Woman Seeks Third Chance to Prove Michael Jordan Fathered Her Child 5

About: Athletes

Michael Jordan and Lisa MiceliEarlier this year, basketball star Michael Jordan filed a civil lawsuit in Pennsylvania against Lisa Miceli, seeking to have Miceli permanently prohibited from contacting him, his family or his representatives. Miceli is allegedly Jordan’s former mistress and mother of a four year old son, whom she claims is Jordan’s. Jordan’s lawsuit argues that Miceli has violated a 2005 no-contact agreement by sending him and his attorneys hundreds of e-mails and voicemails, including some which were threatening or violent.

Miceli claims that she and Jordan had an intimate relationship from 1999 until 2003, when she became pregnant. She gave birth to a son in 2004. A paternity test conducted in 2004 ruled Jordan out as the child’s father. Jordan submitted to second paternity test in 2005, which again ruled him out as the father. Jordan agreed to take the second paternity test if Miceli agreed not to contact him again if the test indicated he was not the child’s father. It is this agreement that Jordan now claims Miceli violated.

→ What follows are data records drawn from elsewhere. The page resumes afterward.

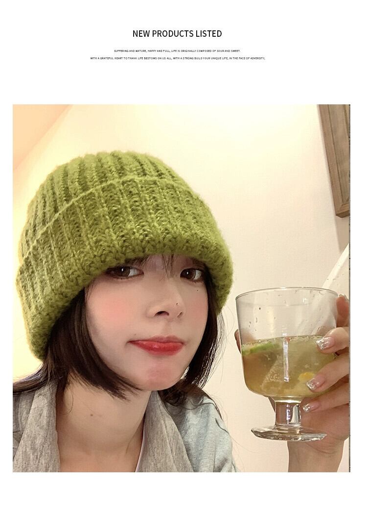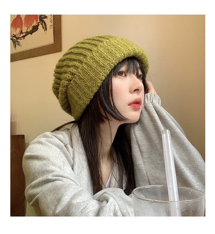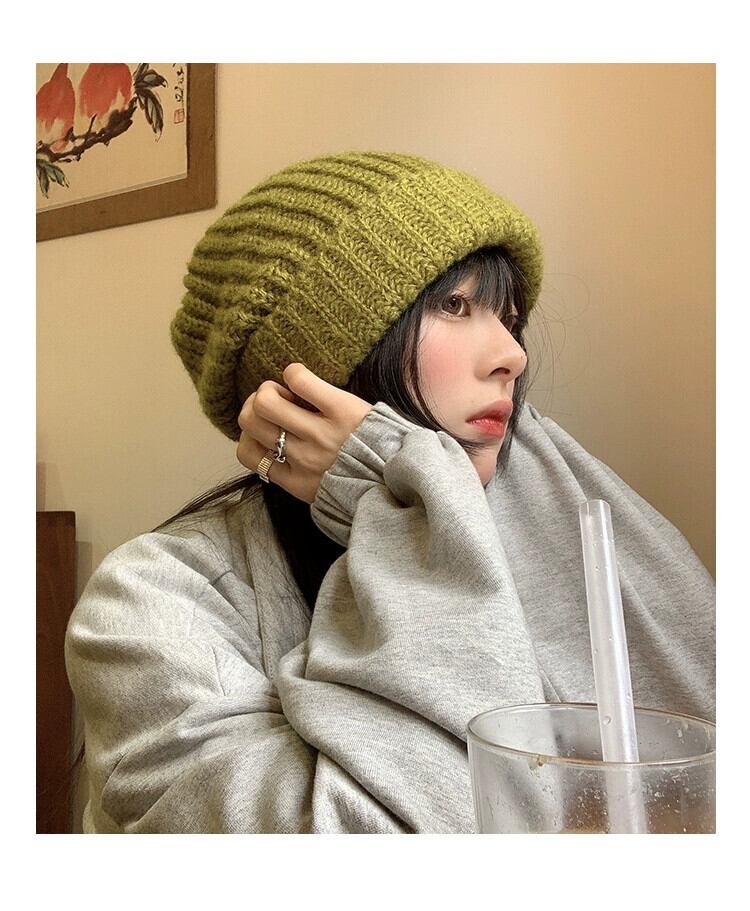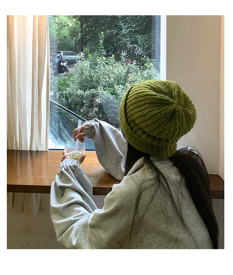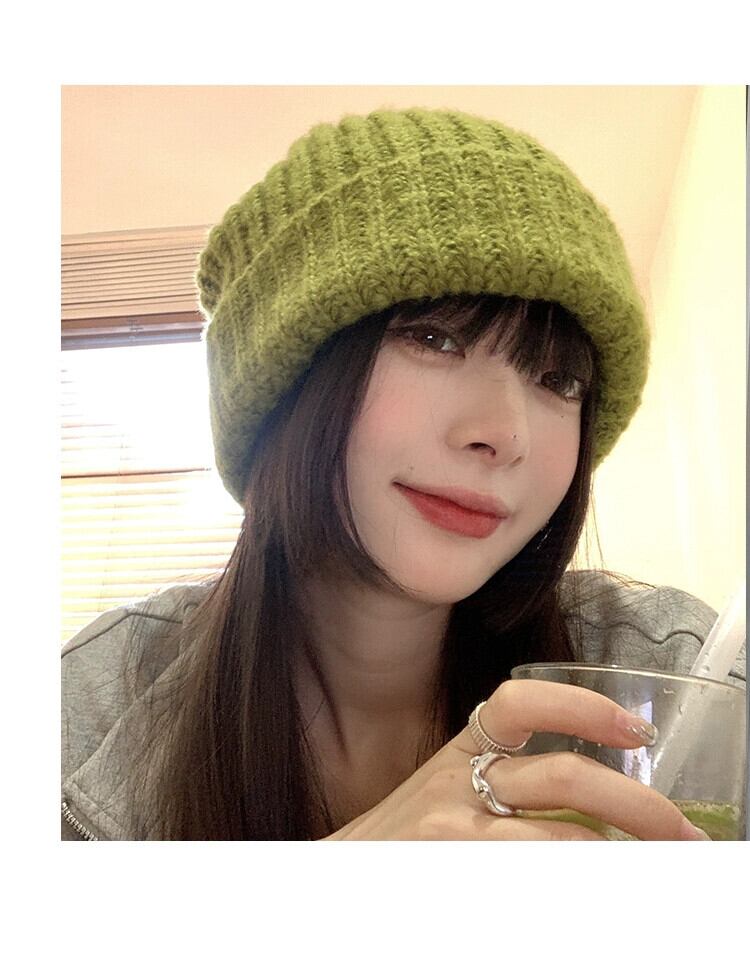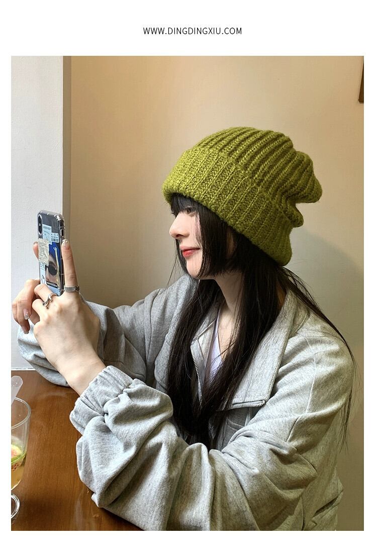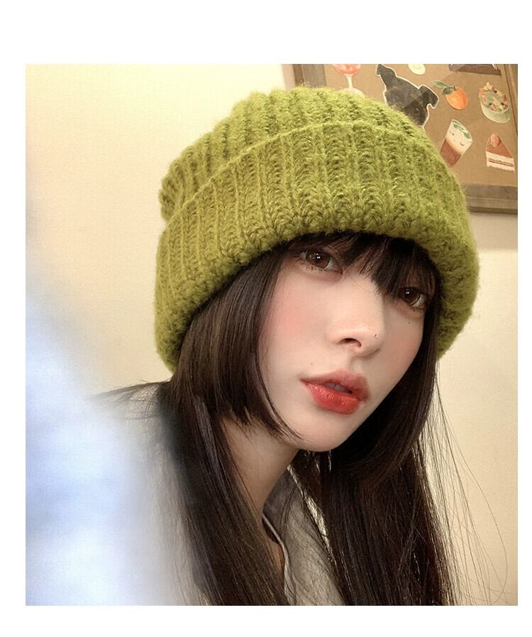 帽子 レディース 秋と冬 多用途 グリーン ウール ハット 冬 ゆったり 冬 太い糸 顔出し 小さな耳保護 大きな頭囲 ニット帽 オータム 秋物 ウィンター 冬物 15dd89269268530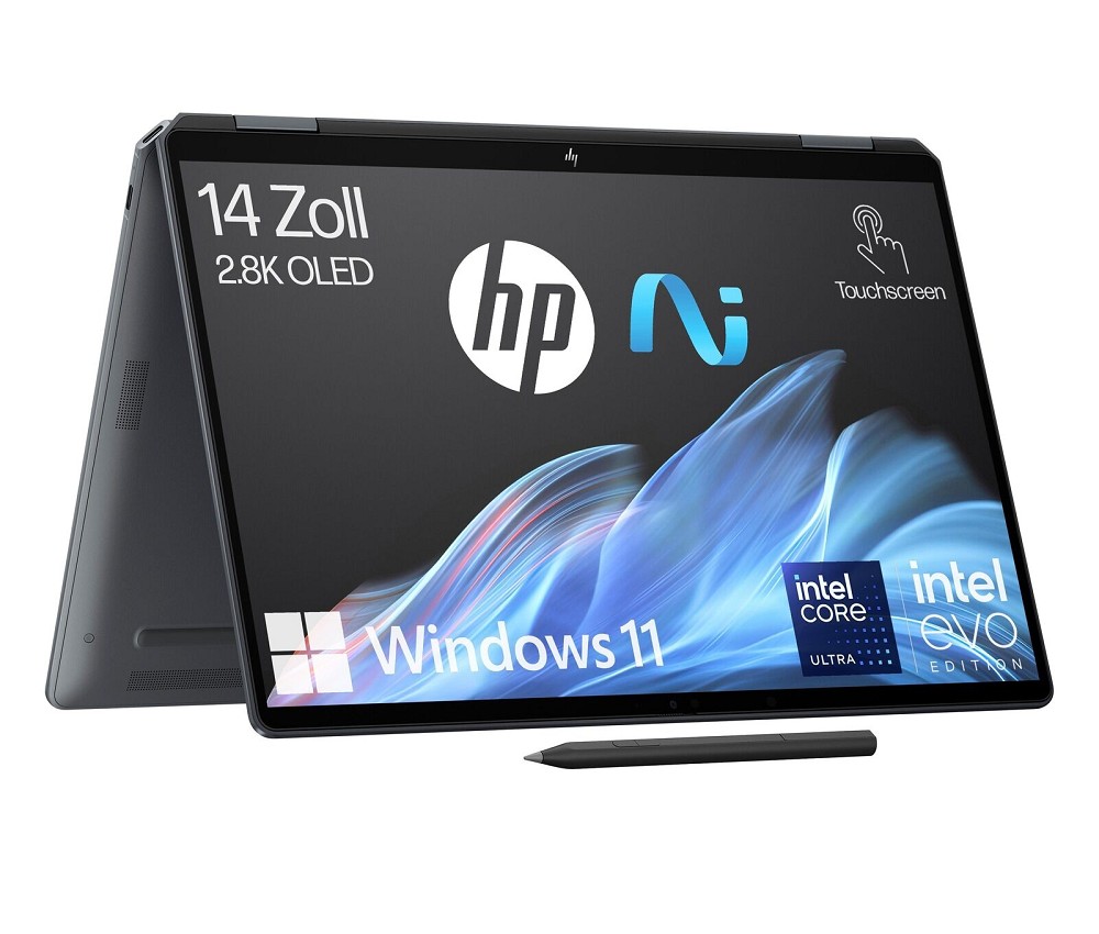 Typ: Notebook (Convertible)Display: 14″, 2880×1800, 16:10, 243ppi, 120Hz, Multi-Touch, glare (glänzend), OLED, 400cd/m², 500cd/m² (HDR), Blaulichtfilter, VESA DisplayHDR 400, Glas (Corning Gorilla Glass 5), 0.2ms, 1.000.000:1, 100% DCI-P3CPU: Intel Core Ultra 7 256V, 4C+4c/8T, 2.20-4.80GHz, 12MB+14MB Cache, 17-37W TDP (PBP/MTP), Codename “Lunar L…HP OmniBook Ultra Flip 14-fh0075ng, Eclipse Gray, Core Ultra 7 256V, 16GB RAM, 1TB SSD, DE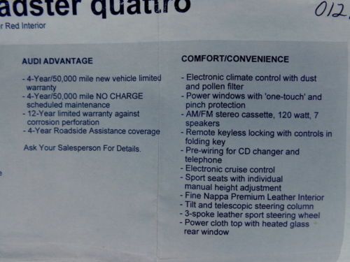 02 tt roadster convertible baseball leather audio pkg sport wheels xenon fl(US $10,500.00)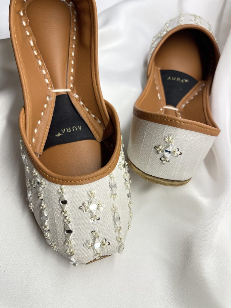 Gulpash a beige hue with different flawless colors, is finely integrated with fancy colorful threads and pearls. The soft padded of this handmade traditional footwear gives you a stylish look with comfort.Â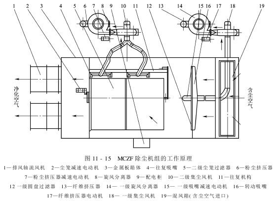 The process of MCZF dust removal system is shown in Figure 11-14, and the working principle of MCZF dust removal unit is shown in Figure 11-15.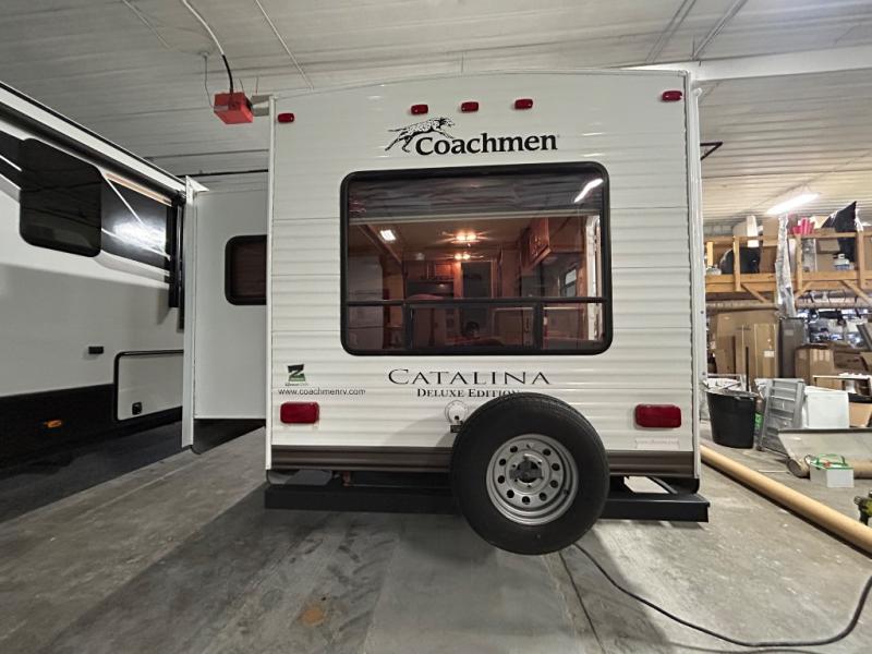 Catalina Deluxe Travel Trailer by Coachmen RV w/Rear Living Area Including: 2 Chairs w/Table Between & Overhead Storage, Sofa & U-Shaped Dinette Slide, Ent. Center, Kitchen Sink, 3 Burner Range, Microwave Above, Refrig., Pantry, Wardrobe, Slideout Sofa w/Upper Bunk, Bath w/Toilet, Sink, Tub/Shower, Kids TV Ent. Center in Hall, Front Queen Bed w/Wardrobes Both Sides, Overhead Storage, Bedroom TV & Wardrobe, Private Bedroom Entry and More!

According to the Erie (PA) Times-News, Miceli recently filed her official response to Jordan’s lawsuit. In that response, Miceli challenged the validity of the previous paternity tests and asked the court to address her allegations of paternity so that she could move on with “child support, custody and visitation issues for the best interest of the child.”

When the parents of a child are unmarried at the time the child is born, the courts must actually establish legal paternity of the child before there can be any judgment of child support, custody or visitation. This will often be a simple procedure where the father merely admits that he is, in fact, the child’s father. If there is no admission, however, the court will order a DNA test which compares the alleged father’s DNA to the child’s DNA. This can be done by blood test but is quite often done by buccal swab – or a quick scrape of the cells and saliva from the inside of your cheek. The samples are then sent to an independent lab and compared. DNA tests can determine (or rule out) parentage with almost 100% accuracy.

Reports indicate that Jordan’s two paternity tests were processed by completely different labs but both determined that he was not the father of Miceli’s child. There has been no public indication as to Miceli’s basis for arguing that the first two tests were invalid. The Pennsylvania judge has not yet been asked to rule on her redundant paternity request.